Dataset Statistics and Details:
Development dataset: We sample 500 radiology reports from the MIMIC-CXR dataset [1] for our development dataset. Our development dataset was divided into train and dev sets, where the dev set includes 15% of the development dataset. Patients associated with reports in the train set and dev set do not overlap.
Test dataset: We sample 50 radiology reports from the MIMIC-CXR dataset and 50 radiology reports from the CheXpert dataset for our test dataset in order to test generalization of approaches across institutions. We de-identify CheXpert reports using an automated, transformer-based de-identification algorithm followed by manual review of each report.
Benchmark Approaches abd Results:
Approach: We proposed an entity and relation extraction task for radiology reports that can be developed using our development dataset and tested using our test dataset. For each report, we provide annotations identifying the type and span of each entity as well as relations between entities.
Baseline Model: Our Baseline approach to entity and relation extraction uses a BERT model with a linear classification head on top of the last layer for NER and R-BERT for relation extraction. For our baseline NER approach, since the same entity may span multiple tokens, we use the IOB tagging scheme and convert IOB tags to entity types defined by our schema after inference. For each of our approaches, in addition to using BERT weight initial220 izations, we use weight initializations from four different biomedical pretrained models, which are BioBERT , Bio+ClinicalBERT, PubMedBERT, and BlueBERT.
Benchmark models: We develop additional benchmark approaches for our task, using two different entity and relation extraction model architectures. We use BERT in both our PURE and DYGIE++ approaches.
- Our first approach uses the DYGIE++ framework by Wadden et al., which achieved state-of-the-art at the time on NER and relation extraction by jointly extracting entities and relations.
- Our second approach uses the Princeton University Relation Extraction system (PURE) by Zhong et al., which achieved state-of-the-art at the time on relation extraction using a pipeline approach that decomposes NER and relation extraction into separate subtasks.

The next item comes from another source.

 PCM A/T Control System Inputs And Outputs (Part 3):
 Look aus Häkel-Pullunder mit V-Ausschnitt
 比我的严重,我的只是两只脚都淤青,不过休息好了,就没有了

Evaluation Metrics We report both micro and macro F1 for entity recognition and relation extraction.
- For entity recognition, a predicted entity is considered correct if the predicted span boundaries and predicted entity type are both correct.
- For relation extraction, a predicted relation is considered correct if the predicted entity pair is correct (both the span boundaries and entity type) and the relation type is correct.
Results:
Analysis:
Schema Coverage Given that existing information extraction systems for radiology reports often suffer from a lack of report coverage, we measure the number of tokens and sentences in report sections covered by our schema. To calculate coverage, we extract the Findings and Impression sections of the reports, which our schema is designed to annotate. We then calculate the average percent of sentences and tokens annotated per report across the development and test datasets.

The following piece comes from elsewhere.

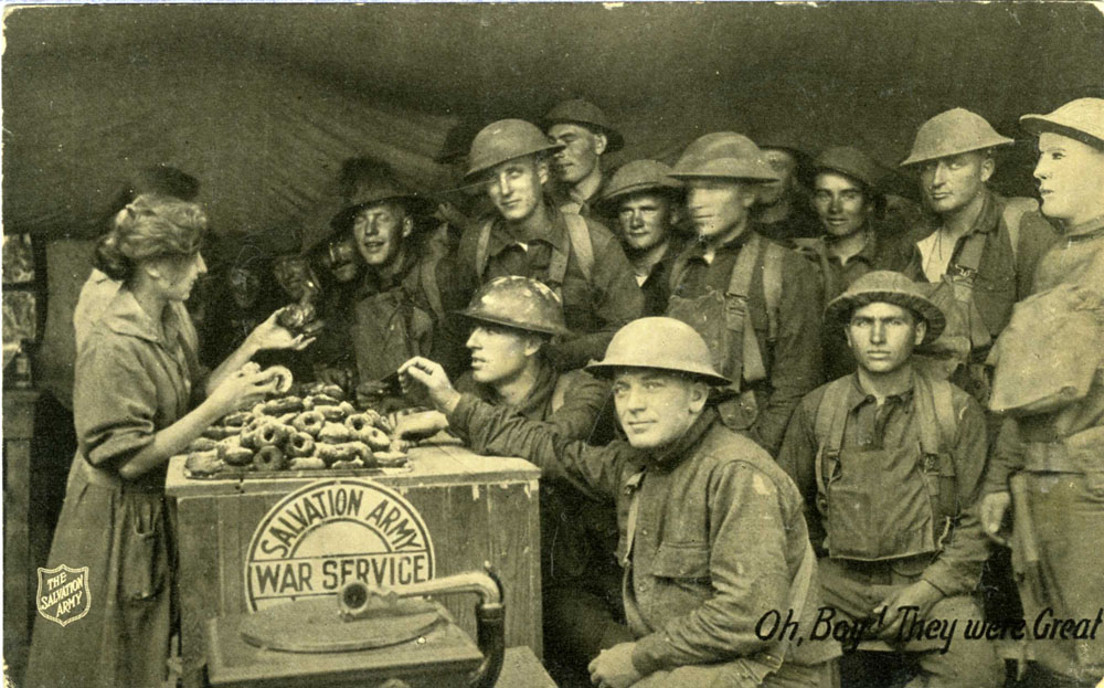Circa 1918, Salvation Army serving donuts

Annotation Disagreements To measure agreement between radiologists using our schema, we calculate Cohen’s Kappa [37] between the two annotators on each test set for the named entity recognition task and the relation extraction task separately. For named entity recognition, we compute Kappa scores of 0.974 and 0.829 on the MIMIC-CXR and CheXpert test sets respectively. For relation extraction, we compute Kappa scores of 0.841 and 0.397 on the MIMIC-CXR and CheXpert test sets respectively. *One reason for greater disagreement on the CheXpert test set compared to the MIMIC-CXR test set may relate to different percentages of patients in the intensive care unit (ICU) within the MIMIC-CXR dataset and the CheXpert dataset, which can systematically affect the contents of radiology reports.